On Tue, Oct 29, 2013 at 1:36 AM, Dave Anderson <anderson(a)redhat.com> wrote:
Hi Vinayak,
Good catch -- it certainly should be fixed. The devil is in the details of how
best to accomplish it...
On the face of it, it would seem that the task group list gathering via do_list()
would be the best way. The problem is that it could potentially cause the
"ps"
command to fail on live systems if the list becomes invalid, or is invalid with
respect to the pre-gathered set of tasks that get captured prior to execution
of the command.
Prior to each crash command whose command_table_entry structure contains the
REFRESH_TASK_TABLE flag (as does "ps"), the tt->refresh_task_table()
function
is called to scan the kernel's pid_hash[] for a stable set of tasks. And only
those tasks are accessed or used by that crash command instance.
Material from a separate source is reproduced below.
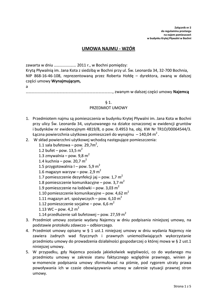 Załącznik nr 2 do regulaminu przetargu na najem pomieszczeń w budynku Krytej Pływalni w Bochni UMOWA NAJMU - WZÓR zawarta w dniu …………….…… 2011 r., w Bochni pomiędzy: Krytą Pływalnią im. Jana Kota z siedzibą w Bochni przy ul. Św. Leonarda 34, 32-700 Bochnia, NIP 868-16-46-108, reprezentowaną przez Roberta Hołdę – dyrektora, zwaną w dalszej części umowy Wynajmującym, a ………………………………………………………………………….., zwanym w dalszej części umowy Najemcą § 1. PRZEDMIOT UMOWY 1. Przedmiotem najmu są pomieszczenia w budynku Krytej Pływalni im. Jana Kota w Bochni przy ulicy Św. Leonarda 34, usytuowanego na działce oznaczonej w ewidencji gruntów i budynków nr ewidencyjnym 4819/8, o pow. 0.4953 ha, obj. KW Nr TR1O/00064544/3. Łączna powierzchnia użytkowa pomieszczeń do wynajmu – 140,04 m2 . 2. W skład powierzchni użytkowej wchodzą następujące pomieszczenia: 1.1 sala bufetowa – pow. 29,7m2, 1.2 bufet – pow. 13,5 m2 1.3 zmywalnia – pow. 9,8 m2 1.4 kuchnia – pow. 20,7 m2 1.5 przygotowalnia I – pow. 5,9 m2 1.6 magazyn warzyw – pow. 2,9 m2 1.7 pomieszczenie dezynfekcji jaj – pow. 1,7 m2 1.8 pomieszczenie komunikacyjne – pow. 3,7 m2 1.9 pomieszczenie na lodówki – pow. 3,03 m2 1.10 pomieszczenie komunikacyjne – pow. 4,62 m2 1.11 magazyn art. spożywczych – pow. 6,10 m2 1.12 pomieszczenie socjalne – pow. 6,6 m2 1.13 WC – pow. 4,2 m2 1.14 przedłużenie sali bufetowej – pow. 27,59 m2 3. Przedmiot umowy zostanie wydany Najemcy w dniu podpisania niniejszej umowy, na podstawie protokołu zdawczo – odbiorczego. 4. Przedmiot umowy opisany w § 1 ust.1 niniejszej umowy w dniu wydania Najemcy nie zawiera żadnych wad fizycznych i prawnych uniemożliwiających wykorzystanie przedmiotu umowy do prowadzenia działalności gospodarczej o której mowa w § 2 ust.1 niniejszej umowy. 5. W przypadku, gdy Najemca posiada jakiekolwiek wątpliwości, co do wydanego mu przedmiotu umowy w zakresie stanu faktycznego względnie prawnego, winien je w momencie podpisania umowy sformułować na piśmie, pod rygorem utraty prawa powoływania ich w czasie obowiązywania umowy w zakresie sytuacji prawnej stron umowy. Strona 1 z 5 §2 PRAWA I OBOWIĄZKI NAJEMCY 1. Najemca oświadcza, że w dniu wydania przedmiotu umowy przedmiot ten obejmuje w posiadanie zależne na podstawie niniejszej umowy z zamiarem wykorzystania go do prowadzenia działalności gospodarczej przedmiotem której będzie prowadzenie lokalu gastronomicznego (typu kawiarnia, bufet). 2. Najemca w celu wykorzystania przedmiotu umowy zgodnie z postanowieniami § 2 ust.1 umowy uprawniony jest do jego dostosowania do własnych potrzeb zgodnie z postanowieniami zawartymi w treści umowy. 3. Ciężar zgodności prowadzonej przy wykorzystaniu przedmiotu umowy działalności gospodarczej z porządkiem prawnym spoczywa wyłącznie na Najemcy. Obowiązek spoczywający na Najemcy dotyczy okoliczności uzyskania wszelkich pozwoleń, koncesji, zezwoleń i badań wymaganych przez powołane do tego organy zgodnie z ich kompetencjami usankcjonowanymi przez obowiązujące przepisy prawa. Czynności te podejmowane są przez Najemcę na własny koszt i ryzyko. 4. Najemca w celu realizacji postanowień § 2 ust.2 niniejszej umowy uprawniony jest do poczynienia na przedmiot umowy nakładów w celu dostosowanie go do własnych potrzeb w tym wykonania wszelkich prac adaptacyjnych za uprzednim pisemnym powiadomieniem Wynajmującego o zamiarze i zakresie ich wykonania co najmniej na 7 dni przed planowanym rozpoczęciem tych prac. 5. Wynajmującemu przysługuje prawo zgłoszenia sprzeciwu wyrażonego na piśmie przed przystąpieniem do realizacji zamierzeń Najemcy, jeśli prace te mogłyby na trwałe zmienić przedmiot umowy (przywrócenie do stanu poprzedniego związane byłoby z koniecznością przeprowadzenia prac remontowych czy też budowlanych), względnie zagrozić bezpieczeństwu jego użytkowania. 6. W sytuacji wniesienia przez Wynajmującego sprzeciwu o którym mowa w § 2 ust.5 umowy strony niniejszej umowy w drodze negocjacji z zachowaniem poszanowania interesu prawnego drugiej strony zobowiązane są do uzgodnienia zakresu i rozmiaru prac, o których mowa w § 2 ust.4 niniejszej umowy. W wypadku gdy negocjacje stron zakończą się fiaskiem strony niniejszej umowy uprawnione są do wypowiedzenia niniejszej umowy na warunkach określonych w jej postanowieniach. 7. W przypadku rozpoczęcia przez Najemcę prac o których mowa w § 2 ust.2 niniejszej umowy, bez pisemnego powiadomienia Wynajmującego oraz pomimo zgłoszonego sprzeciwu, przy braku wzajemnych ustaleń, zobowiązany jest on do zapłaty na rzecz Wynajmującego kary umownej w wysokości poniesionych nakładów wycenionych przez biegłego w zakresie stosownych uprawnień. Wynajmujący uprawniony jest do dochodzenia odszkodowania przekraczającego wysokość kary umownej oraz, niezależnie od dochodzenia powyżej opisanych roszczeń, do wypowiedzenia niniejszej umowy na warunkach określonych w jej postanowieniach. 8. Najemca bez uprzedniej pisemnej zgody Wynajmującego nie może dokonać żadnych prac remontowych oraz budowlanych. W przypadku przystąpienia przez Najemcę do tych prac Wynajmującemu przysługują uprawnienia opisane w § 2 ust.5, 6 i 7 niniejszej umowy, które to postanowienia stosuje się odpowiednio. 9. Najemca jest zobowiązany do dokonywania bieżących napraw i konserwacji przedmiotu umowy bez potrzeby powiadamiania Wynajmującego i uprzedniego wyrażenia przez niego zgody. Strona 2 z 5 10. Najemca jest zobowiązany do ubezpieczenia przedmiotu najmu na czas obowiązywania niniejszej umowy. 11. Wszelkie remonty, nakłady i inne prace określone w § 2 niniejszej umowy Najemca wykona na własny koszt i ryzyko. Po ustaniu stosunku umownego najmu Wynajmujący nie jest zobowiązany do zwrotu ich wartości. 12. Wszelkie szkody powstałe w wyniku użytkowania przedmiotu najmu Najemca

By calling do_list(), it's conceivable (although fairly unlikely) that the command
could go either go off into the weeds following a list that's being modified, or
if the list has changed since the "stable" list was gathered prior to the
command.
So preferably, it would be best if the new functionality could be constrained to
the stable set of pre-gathered tasks -- again if for no other reason than the fact
that the crash utility only uses the pre-gathered task-set whenever it parses tasks.
There's also another potential problem in having get_task_mem_usage() use
open_tmpfile(). Since it's a function that gets called by other functions
or macros (IN_TASK_VMA() for example), it's possible that the caller may
also be operating inside an open_tmpfile() area, and open_tmpfile() is not
recursive. In those internal cases, open_tmpfile2() could be used, but again,
it's probably best to avoid the do_list() call.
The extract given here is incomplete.